Task material section start

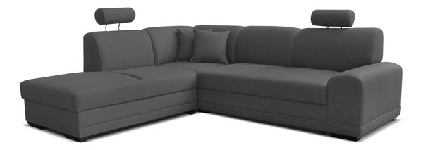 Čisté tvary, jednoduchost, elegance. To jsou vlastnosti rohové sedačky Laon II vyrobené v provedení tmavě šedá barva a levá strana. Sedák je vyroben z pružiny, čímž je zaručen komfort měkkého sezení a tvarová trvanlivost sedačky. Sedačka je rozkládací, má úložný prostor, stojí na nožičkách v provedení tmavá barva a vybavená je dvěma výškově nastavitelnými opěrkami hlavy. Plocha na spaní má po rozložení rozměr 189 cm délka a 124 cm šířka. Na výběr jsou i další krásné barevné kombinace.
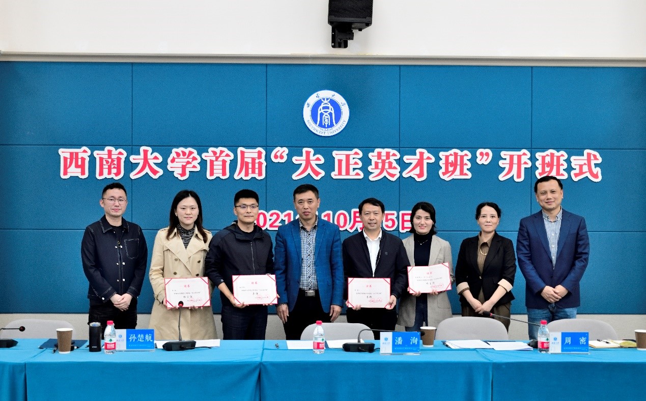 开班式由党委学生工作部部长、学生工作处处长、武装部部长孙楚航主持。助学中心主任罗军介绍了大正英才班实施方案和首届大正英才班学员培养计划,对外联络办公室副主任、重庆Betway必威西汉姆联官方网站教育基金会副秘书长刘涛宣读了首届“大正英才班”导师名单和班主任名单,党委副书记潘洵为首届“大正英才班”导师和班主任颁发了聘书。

Task material section end
Task material section start

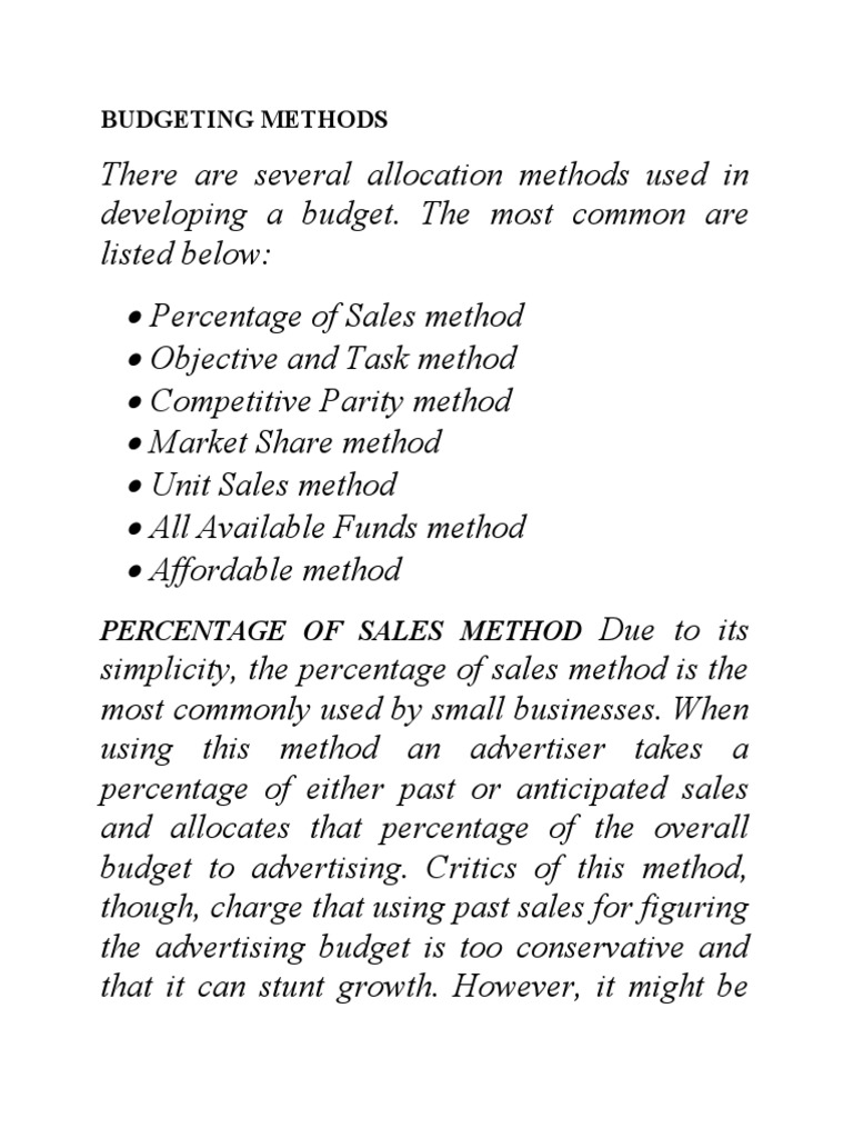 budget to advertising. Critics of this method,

Task material section end

--- Exercise description ---
Everything above from the line containing "Čisté tvary, jednoduchost, elegance." through the line containing "开班式由党委学生工作部部长、" must be repeated exactly, and the pictures must be left out.

--- Expected output ---
 Čisté tvary, jednoduchost, elegance. To jsou vlastnosti rohové sedačky Laon II vyrobené v provedení tmavě šedá barva a levá strana. Sedák je vyroben z pružiny, čímž je zaručen komfort měkkého sezení a tvarová trvanlivost sedačky. Sedačka je rozkládací, má úložný prostor, stojí na nožičkách v provedení tmavá barva a vybavená je dvěma výškově nastavitelnými opěrkami hlavy. Plocha na spaní má po rozložení rozměr 189 cm délka a 124 cm šířka. Na výběr jsou i další krásné barevné kombinace.
 开班式由党委学生工作部部长、学生工作处处长、武装部部长孙楚航主持。助学中心主任罗军介绍了大正英才班实施方案和首届大正英才班学员培养计划,对外联络办公室副主任、重庆Betway必威西汉姆联官方网站教育基金会副秘书长刘涛宣读了首届“大正英才班”导师名单和班主任名单,党委副书记潘洵为首届“大正英才班”导师和班主任颁发了聘书。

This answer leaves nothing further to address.